Eu também configurei o NAT:
iptables -I FORWARD -i tun0 -o eth0 -j ACCEPT
iptables -I FORWARD -i eth0 -o tun0 -m state --state RELATED,ESTABLISHED -j ACCEPT
iptables -t nat -I POSTROUTING -o eth0 -j MASQUERADE
Veja como recriar o que estou fazendo:
Arquivo Docker:
FROM ubuntu:22.04
RUN apt -y update && \
apt -y install build-essential iptables tcpdump
WORKDIR /app
emitir.c:
#include <arpa/inet.h>
#include <fcntl.h>
#include <linux/if_tun.h>
#include <net/if.h>
#include <netinet/in.h>
#include <signal.h>
#include <stdio.h>
#include <stdlib.h>
#include <string.h>
#include <sys/ioctl.h>
#include <sys/socket.h>
#include <sys/types.h>
#include <unistd.h>
#define TUN_DEVICE "tun0"
#define SOURCE_IP "5.6.7.8"
#define DESTINATION_IP "192.168.48.3" // change to the actual address
unsigned char packet[] = {
0x45, 0x00, 0x00, 0x54, 0x3a, 0x58, 0x40, 0x00, 0x40, 0x01, 0x03, 0x9d,
0x00, 0x00, 0x00, 0x00, 0x00, 0x00, 0x00, 0x00, 0x08, 0x00, 0x48, 0xc1,
0x00, 0x03, 0x00, 0x01, 0xa1, 0x81, 0x3a, 0x65, 0x00, 0x00, 0x00, 0x00,
0x0d, 0x81, 0x07, 0x00, 0x00, 0x00, 0x00, 0x00, 0x10, 0x11, 0x12, 0x13,
0x14, 0x15, 0x16, 0x17, 0x18, 0x19, 0x1a, 0x1b, 0x1c, 0x1d, 0x1e, 0x1f,
0x20, 0x21, 0x22, 0x23, 0x24, 0x25, 0x26, 0x27, 0x28, 0x29, 0x2a, 0x2b,
0x2c, 0x2d, 0x2e, 0x2f, 0x30, 0x31, 0x32, 0x33, 0x34, 0x35, 0x36, 0x37
};
/*
Note: The IPv4 checksum will be wrong.
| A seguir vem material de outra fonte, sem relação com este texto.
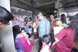 Dalam kunjungannya ini, Aries juga menyempatkan untuk berinteraksi langsung dengan para ibu dan anak-anak, serta tenaga medis yang bertugas. Selain itu juga memberikan bantuan telur yang dibagikan untuk peserta posyandu.
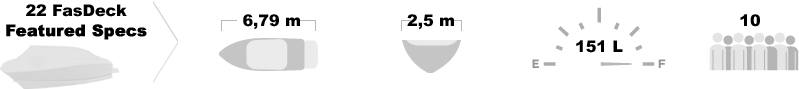 Die Sitzbank im Heck lädt die ganze Familie ans Wasser ein. Darüber hinaus verfügt Sie über einen klappbaren Sitz, der das Einsteigen erlichtert. Der FasTrac Rumf und die „SocialSeating“ Aufteilung ermöglicht eine reibungslose Fahrt für bis zu 10 Personen. Nachdem Sie das Raumgefühl und den möglichen Familienspaß auf dieser 22 FasDeck gespürt haben, wird ihnen auffallen, dass Ihnen dieses Boot gefehlt hat.

Run this program once and cause it to emit
the packet by sending the process SIGUSR1. Capture the packet with tcpdump which
will tell you that the checksum is wrong and what it should be. The result goes
at offset 10 in the packet.
*/
int tun_fd = -1;
void signal_handler(int signum)
{
(void)signum;
dprintf(STDOUT_FILENO, "Emitting packet\n");
if ( write(tun_fd, packet, sizeof(packet)) < 0 ) {
_exit(1);
}
}
int set_address_and_bring_up(void)
{
int ret = -1, sock;
struct ifreq ifr = {.ifr_name = TUN_DEVICE};
struct sockaddr_in addr = {.sin_family = AF_INET};
inet_pton(AF_INET, SOURCE_IP, &addr.sin_addr);
memcpy(&ifr.ifr_addr, &addr, sizeof(addr));
sock = socket(AF_INET, SOCK_DGRAM, 0);
if ( sock < 0 ) {
perror("socket");
return -1;
}
if ( ioctl(sock, SIOCSIFADDR, &ifr) == -1 ) {
perror("ioctl (SIOCSIFADDR)");
goto done;
}
ifr.ifr_flags = IFF_UP;
if ( ioctl(sock, SIOCSIFFLAGS, &ifr) == -1 ) {
perror("ioctl (SIOCSIFFLAGS)");
goto done;
}
ret = 0;
done:
close(sock);
return ret;
}
int tun_device_create(void) {
int fd;
struct ifreq ifr = {.ifr_name = TUN_DEVICE, .ifr_flags = IFF_TUN | IFF_NO_PI};
fd = open("/dev/net/tun", O_RDWR);
if ( fd < 0 ) {
perror("open");
return -1;
}
if ( ioctl(fd, TUNSETIFF, &ifr) == -1 ) {
perror("ioctl (TUNSETIFF)");
goto error;
}
if ( set_address_and_bring_up() != 0 ) {
goto error;
}
return fd;
error:
close(fd);
return -1;
}
int main() {
struct sigaction action = {.sa_handler = signal_handler};
inet_pton(AF_INET, SOURCE_IP, packet + 12);
inet_pton(AF_INET, DESTINATION_IP, packet + 16);
tun_fd = tun_device_create();
if ( tun_fd < 0 ) {
return 1;
}
sigaction(SIGUSR1, &action, NULL);
while (1) {
pause();
}
return 0;
}
iptables_script.sh:
#!/bin/sh -ex
iptables -I FORWARD -i tun0 -o eth0 -j ACCEPT
iptables -I FORWARD -i eth0 -o tun0 -m state --state RELATED,ESTABLISHED -j ACCEPT
iptables -t nat -I POSTROUTING -o eth0 -j MASQUERADE
Iniciando contêineres:
# First container
docker run --rm -it --cap-add NET_ADMIN -v $PWD:/app --device=/dev/net/tun my_image bash
# Second container
docker run --rm -it ubuntu:22.04 bash
Execute no primeiro contêiner:
test "`cat /proc/sys/net/ipv4/ip_forward`" -eq 1
gcc emit.c
./a.out &
./iptables_script.sh
kill -s USR1 `pgrep a.out`
Através do pwru , consegui discernir que o pacote estava sendo rejeitado
fib_validate_sourceno kernel como um pacote marciano .O que descobri foi que, como o IP de origem do pacote era o mesmo do dispositivo tun, o pacote parecia suspeito. Imagine se você tivesse uma interface física com endereço 192.168.0.1 e recebesse um pacote nessa interface com IP de origem 192.168.0.1. Você deve estar se perguntando por que está enviando mensagens para si mesmo.
Então ajustei o IP de origem do pacote para 5.6.7.9 (mantendo o endereço do dispositivo tun) e pronto! Resposta do ICMP recebida!